For this exact reason I chose to make my CA use a fixed strategy. I don't understand the whole point of calculating optimal strategies if they won't ever be used. I know you said once it's about knowing the "optimal EV" of a game, but again, shouldn't our CA help us in reality in some way?

I can see if a person is willing to learn 2CD strategies, then maybe that could be implemented.... but I don't use 2CD strategies, and I don't know anybody else who does. Everybody I know uses fixed TD strategies, or count-based TD strategies (i.e. indices), or n-card-TD strategies (which my CA handles for Spanish).

So why go through all the trouble of programming it otherwise?

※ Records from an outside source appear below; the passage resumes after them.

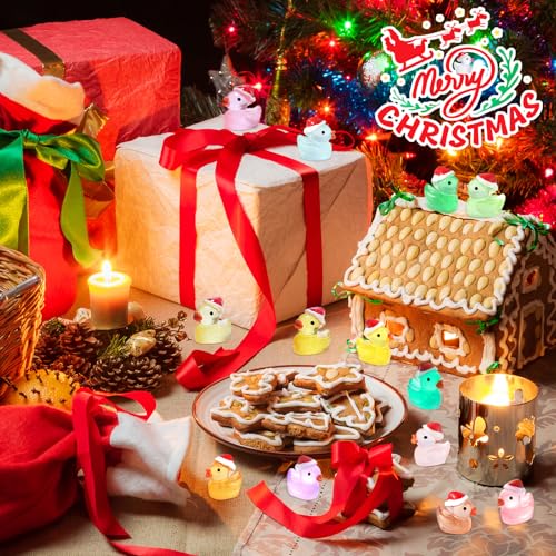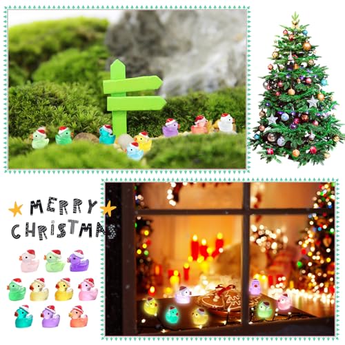 160 pack luminous mini resin ducks. Glow in the dark tiny figurines for garden, dollhouse, DIY crafts & party favors. Perfect for Christmas.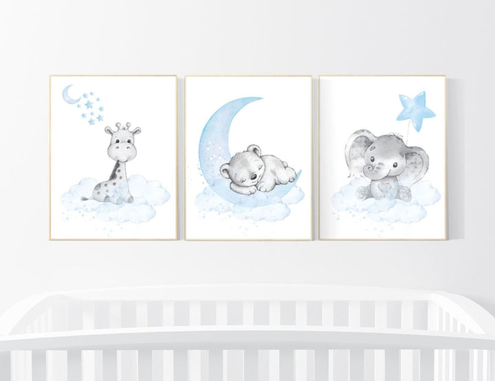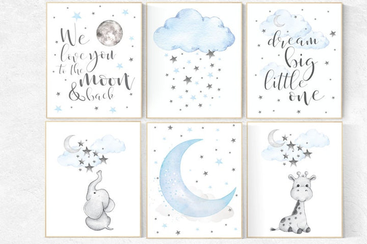 Nursery decor boy elephant, nursery wall art boy, moon and stars, nursery decor giraffe, elephant nursery art, Blue and gray, cloud nursery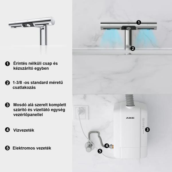 Rozsdamenetes érintés nélküli kézszárító és csaptelep egyben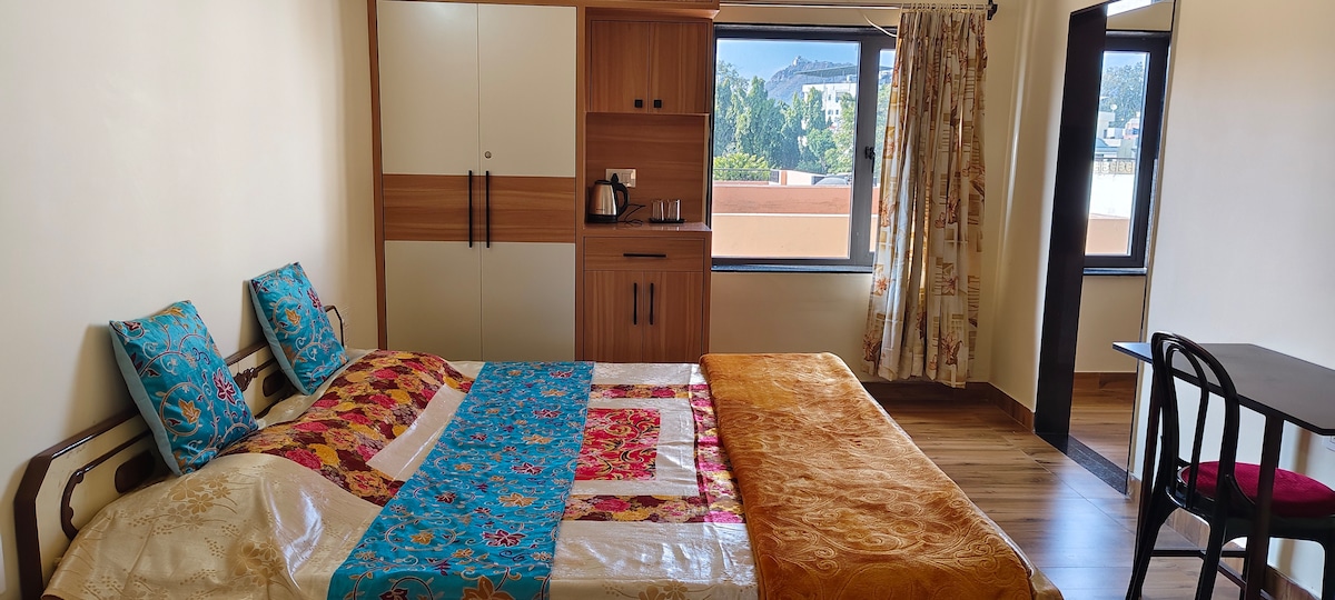 The one room studio apartment is located at second floor with a large veranda and a big roof open area. The windows of room and kitchen directly give a beautiful view of Sajjangarh, the Monsoon Palace. The roof top also gives beautiful view of the City Palace.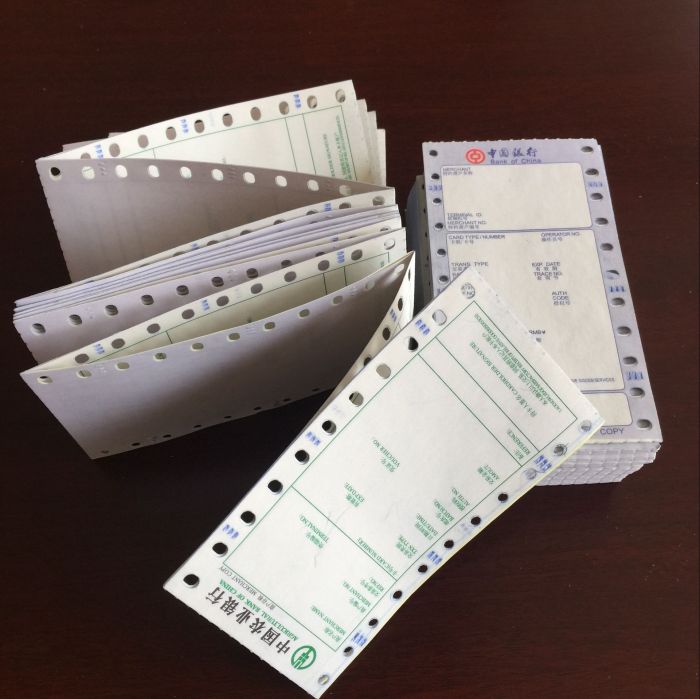 無碳紙涂布技術(shù)生產(chǎn)的自顯色,免色帶打印、色彩清晰,產(chǎn)品兩側(cè)圓孔與橢圓孔配合,定位方便快捷,標(biāo)準(zhǔn)打孔定位。專為POS機(jī)設(shè)計(jì),打印過程自由流暢。

Is it just an exercise in theory with no practical application? Or is there some other end-goal which possibly require the use of optimal strategies?

 

[MangoJ]

That is not how optimum post-split strategy actually works. As i have mentioned there is not one ev value for split2 and split3 when finding post split optimal strategy that is because you have gazillion possibilities. Let me give an example

so we have a 8,8 vs 9.
so we split the hand,

we get a deuce on the first eight,

we have an 8,2 , now we need to find the optimal playing decision (hit, stand, double (if DAS is allowed)), taking into account the 8 on the hand as well as dealer's 9, optimal decision in this case is to double, so we double and we get a 9 ,first hand is now 8,2,9.
Now we have to play the second hand, we have an 8, and we get another 8
so we now 8,8 on second hand. We need to find the optimal strategy for second hand (hit, stand, double (if DAS is allowed), split (ie split 2)) taking into account the cards seen from first hand (8,2,9) as well as dealer's 9. Splitting (resplitting , split2, whatever you want to call it) would be the optimal decision however the VALUE of EV will not be unique because it will depend on the cards dealt to the first hand, so for instant had we gotten 8,2,2 on the first hand, we would have had a different value for split2 EV.

This is correct, but not much of a "problem" in terms of concept, but only from computational effort and time. You "just" cycle recursively (or by any other method) through all first hands, and for evaluation of "stand" you don't convolute against dealer probabilities, but you just cycle then through the next hand (for each standing first hand, taking into account cards consumed by first hand). If the computational effort for a single hand (with no split allowed) is N, then for no resplit (split1) it is N². Likewise for any deeper levelit is N³ (split2) and N^4 (split3).

This is the thing to do if you want optimum play EV. With proper caching technique not only on dealer, but also on player hands, the deepest hand can be precomputated, which reduces the problem to N³, which is doable nowadays.

I don't think optimal strategy is in any way ill-defined. Sure it is costly to compute, but far from impossible.